The Apache Commons Collections gadget chain (discovered 2015) affected WebSphere, WebLogic, JBoss, Jenkins, and many others. Any server with commons-collections in the classpath and a deserialization endpoint was vulnerable to RCE.
// Any code that does this with untrusted input is a critical vulnerability
ObjectInputStream ois = new ObjectInputStream(inputStream);
Object obj = ois.readObject(); // Gadget chains can execute here
Detecting Vulnerable Endpoints
Look for these patterns in your codebase:
// Dangerous patterns
new ObjectInputStream(socket.getInputStream()).readObject()
SerializationUtils.deserialize(bytes) // Apache Commons Lang
Base64.decode(cookieValue) → ObjectInputStream // Cookie-based session serialization
Using ysoserial to Test (Safely)
# ysoserial generates payloads for known gadget chains
java -jar ysoserial.jar CommonsCollections6 "id" > payload.ser
# Test against your staging endpoint — if you get code execution, patch immediately
curl -X POST https://staging.myapp.com/api/session \
-H "Content-Type: application/octet-stream" \
--data-binary @payload.ser
Safe Alternatives: JSON and Protocol Buffers
// Replace ObjectInputStream with Jackson JSON
import com.fasterxml.jackson.databind.ObjectMapper;
// DANGEROUS — arbitrary class deserialization
@JsonTypeInfo(use = JsonTypeInfo.Id.CLASS) // Never use Id.CLASS with untrusted input
Object obj = mapper.readValue(json, Object.class);
// SAFE — deserialize to a known, specific class
UserSession session = mapper.readValue(json, UserSession.class);
Protocol Buffers (protobuf):
// Define schema in .proto file — only known fields are parsed
UserSession session = UserSession.parseFrom(bytes);
// No code execution, schema validation built in
If You Must Use Java Serialization: Deserialization Filters
Java 9+ added serialization filters. Use them as a defense-in-depth measure:
// Allowlist approach — only permit specific classes
ObjectInputFilter filter = ObjectInputFilter.Config.createFilter(
"com.myapp.model.*;java.util.*;java.lang.*"
);
ObjectInputStream ois = new ObjectInputStream(inputStream);
ois.setObjectInputFilter(filter);
// Or use the JVM-wide filter
// -Djdk.serialFilter=com.myapp.model.*;!*
SerialKiller / NotSoSerial: Third-party libraries that provide configurable deserialization filters for older Java versions.
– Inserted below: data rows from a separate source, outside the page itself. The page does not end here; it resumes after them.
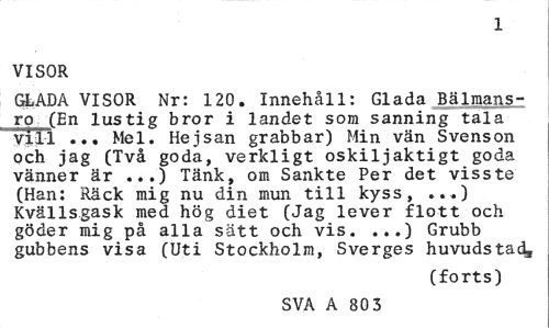 //// 1 //// VISOR //// GLADA VISOR Nr: 120. Innehåll: Glada Bälmans-ro (En lustig bror i landet som sanning tala vill ... Mel. Hejsan grabbar) Min vän Svenson och jag (Två goda, verkligt oskiljaktigt goda vänner är ...) Tänk, om Sankte Per det visste (Han: Räck mig nu din mun till kyss, ...) Kvälls.gask med hög diet (Jag lever flott och göder mig på alla sätt och vis. ...) Grubb gubbens visa (Uti Stockholm, Sverges huvudstad, //// (forts) //// SVA A 80 3 ////
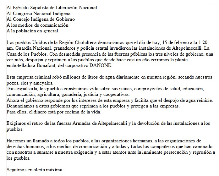 COMUNICADO URGENTE DE LOS PUEBLOS UNIDOS DE LA REGIÓN CHOLULTECA
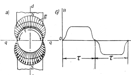 Таким образом, в данных условиях характер изменения во времени ЭДС в проводнике при вращении определяется характером распределения индукции в зазоре. Распределение ее по окружности якоря неравномерное, так как магнитное сопротивление Rμ потоку различное. Под полюсами индукция В имеет максимальное значение, в промежутке между полюсами индукция уменьшается, достигая на линии qq нулевого значения (рисунок 1.2, а). Линия dd, проходящая через центр якоря вдоль полюсов, называется продольной осью машины, а линия qq, проходящая через центр якоря посредине между полюсами, называется поперечной осью. Поперечную ось также называют геометрической нейтралью. Часть окружности якоря, приходящуюся на один полюс, называет полюсным делением и обозначают τ.
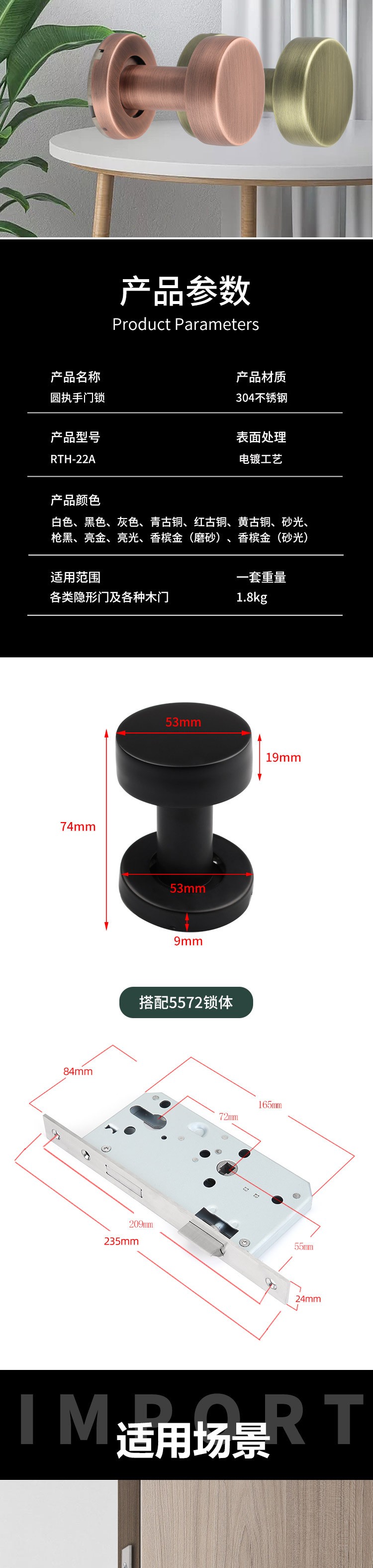 RTH-22A 不锈钢分体球形把手带钥匙门锁
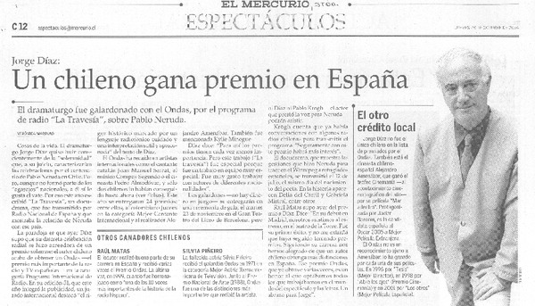 Un maestro del teatro gana el premio Nacional. [artículo] Verónica Marinao.
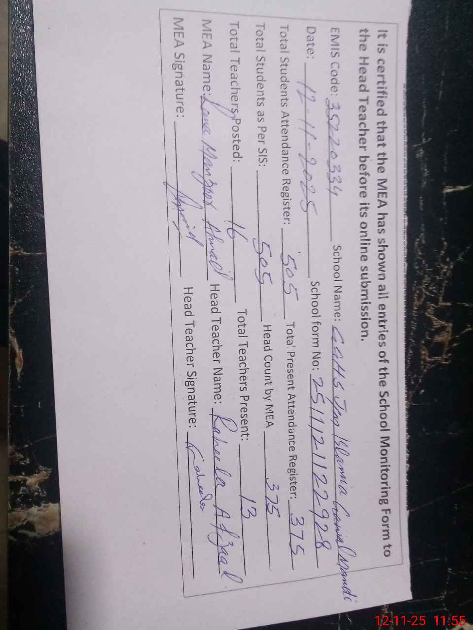 | Attendance Register | Head Teacher | MEA with School | Visit Proof |

Finding Deserialization Vulnerabilities
# Search your Java codebase for dangerous patterns
grep -r "ObjectInputStream\|readObject\|SerializationUtils.deserialize" src/
# Python — find pickle usage
grep -r "pickle.loads\|pickle.load\|cPickle" . --include="*.py"
# Check for pickle-serialized Redis keys
redis-cli keys "*" | head -20
# Inspect values for \x80\x04\x95 (Python pickle magic bytes)
Key Takeaways
- Never deserialize
pickledata from untrusted sources — there is no safe way to do so. - Replace pickle-based caches and queues with JSON or msgpack immediately.
- Java’s
ObjectInputStream.readObject()with untrusted input is a critical RCE vulnerability — migrate to JSON/protobuf. - If you must use Java serialization, implement allowlist-based deserialization filters.
- For ML models, use
safetensorsor ONNX format; never load.pklmodel files from untrusted sources.